Check out the animated show Bat out of Hell on Kickstarter!

Growing up with writers

I finally took the time to do the important work of Googling this phrase I remembered hearing on NPR a few years ago:

Mr. YGLESIAS: Right. I mean, it is true that if you come from a family of writers, you understand that there is always an assassin in the family.

(Soundbite of laughter)

Mr. YGLESIAS: I don’t really know any other way of doing the writing. So I didn’t feel I had any choice. And there were times when I considered just not publishing the book or not showing it to anyone. But I also knew that I felt that so acutely, that it was so dangerous, was also a sign that I was writing it correctly.

GROSS: Had your parents, in their novels, written characters that you knew were based on you that you found troubling?

Mr. YGLESIAS: Actually, even when someone writes you in a novel flatteringly, the truth is it’s always troubling because it’s odd to be a minor character in someone else’s life since we’re always the major character in our own lives.

GROSS: Oh that’s so interesting, the way you put it.

Mr. YGLESIAS: It’s always disturbing.

GROSS: So was that upsetting to see that in your parents’ work you were a minor character?

Mr. YGLESIAS: It was very strange, always disturbing. And I believe, although people will say otherwise, that it’s always disturbing to people to appear in someone’s book. It’s just – it offends the natural narcissism of every individual.

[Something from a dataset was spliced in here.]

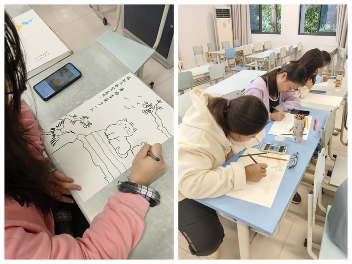 活动现场热闹非凡,同学们热情高涨,通过画笔描绘出他们构思的金秋与重阳主题画面。社员们有的描绘了温馨的家庭场景,老人与子孙们欢聚一堂,共享天伦之乐;有的画出了美丽的秋景,金黄的菊花、火红的枫叶,寓意着成熟与丰收、生命与自然的和谐共生;还有的同学将重阳节的传统习俗融入画中,如登高望远、赏菊赋诗,展现了对传统文化的传承。在绘画的过程中,大家互相交流、互相学习,不仅增进了友谊,也激发了创作的灵感。通过这次活动创作这些绘画作品,同学们不仅加深了对重阳节文化的认识,也提升了自身的艺术修养,收获了满满的快乐和成就感。
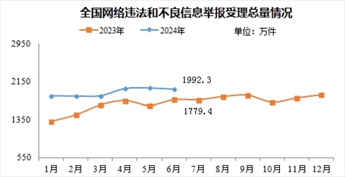 今年6月全國受理網(wǎng)絡(luò)違法和不良信息舉報1992.3萬件

From a 2009 episode of “Fresh Air,” in which Terry Gross interviews Rafael Yglesias about his novel based on his marriageA Happy Marriage: A Novel.

Comments

  1. Matthew Lickona says:

    I’ll stop now.

    • Southern Expat says:

      No, but see, the other folks only feel that way because they’re narcissists. I’d rather be an assassin than a narcissist anyday.

      • Southern Expat says:

        WAIT – have you considered pitching the Percy book as “a crack team of assassins converges upon New Orleans?” That could change everything.

        • Matthew Lickona says:

          Does that mean you’ve finished Chapter One and have decided that without a crack team of assassins converging upon New Orleans, it’s a non-starter? That seems to be the consensus.

          • Angelico Nguyen, Esq., OP says:

            I’m pretty sure Expat’s
            Saying to sex up the pitch, but not the text — That’s
            To say, pushing you to pull a bait-and-switch:
            You’re all assassins anyway already,
            Just not in the literal sense,
            But literary — A little like how Darth deep-sixed Luke’s dad:
            Sensational (some little bit),
            A little bent,
            But true
            From a certain point of view.

            • ENVOI

              I should note
              If you ran a poll
              On rewriting the work
              Then I would vote
              (As I think best)
              To rework the whole
              Into an assassin-infested
              Cajun-creole
              Alphonse sequel
              (All else being equal).

  2. Is this another opportunity to use my big bang joke?

    Assassins shoot guns, they go bang, and they also write books, which are creations. How can I swing it?

    • Angelico Nguyen, Esq., OP says:

      Subject 1 has begun ‘living in the metaphor’.

    • Cubeland Mystic says:

      Hi Betty

      I can’t make your joke work. I could write a combox story about the evil Professor Lawless who lectured undergrads about nuclear physics by day, and traded nuclear secrets by night. My job was to hire an assassin who could get close enough. Silke was a cosmologist who wrote books on the big bang, but the word on the street was that she was a freelance assassin. Allegedly she had deadly skills, and other talents beyond that of a bookish professor. All I had was a mission, a pile of cash for someone who could kill Lawless, and a big gun. Somehow I had to get my big gun into Silke’s hands, and I knew the only way to reach her was the Big Bang.

      It doesn’t quite work yet, but you get the point. We got assassins, authors, cosmology (i.e. creation), Nuclear Physics, spies, action, and the big bang. It’s packed with potential.

  3. Churchill says:

    I don’t really know what you’re talking about, and I didn’t get much sleep, but I wouldn’t presume to think I understood anybody well enough to write about them. As to whether I’d like to be a bit part or major part in anyone’s book, I wouldn’t think most people could understand me, but I suppose it wouldn’t bother me if they didn’t, although I remember a shocking possible consequence of someone writing about a man I once worked with, so for that reason I would say it’s better not to. And if they got me right, I would find it embarrassing if it were in the public domain, although a nice reference or letter to an employer doesn’t harm.

  4. Wait a minute, Matthew. Am I to understand that you’re circulating a first chapter but you haven’t seen fit to send it to me and the missus?

    I see how it stands… 😛

    Interesting observations from this guy. I went and listened to the interview — though I’m not sure if I’d actually like his book all the much from description. I was particularly fascinated by this part and by his description about how he wanted to write a novel about his marriage rather than a memoir because he thought a memoir would be less immediate.

  5. Churchill says:

    Reading these reviews has tainted my something or other.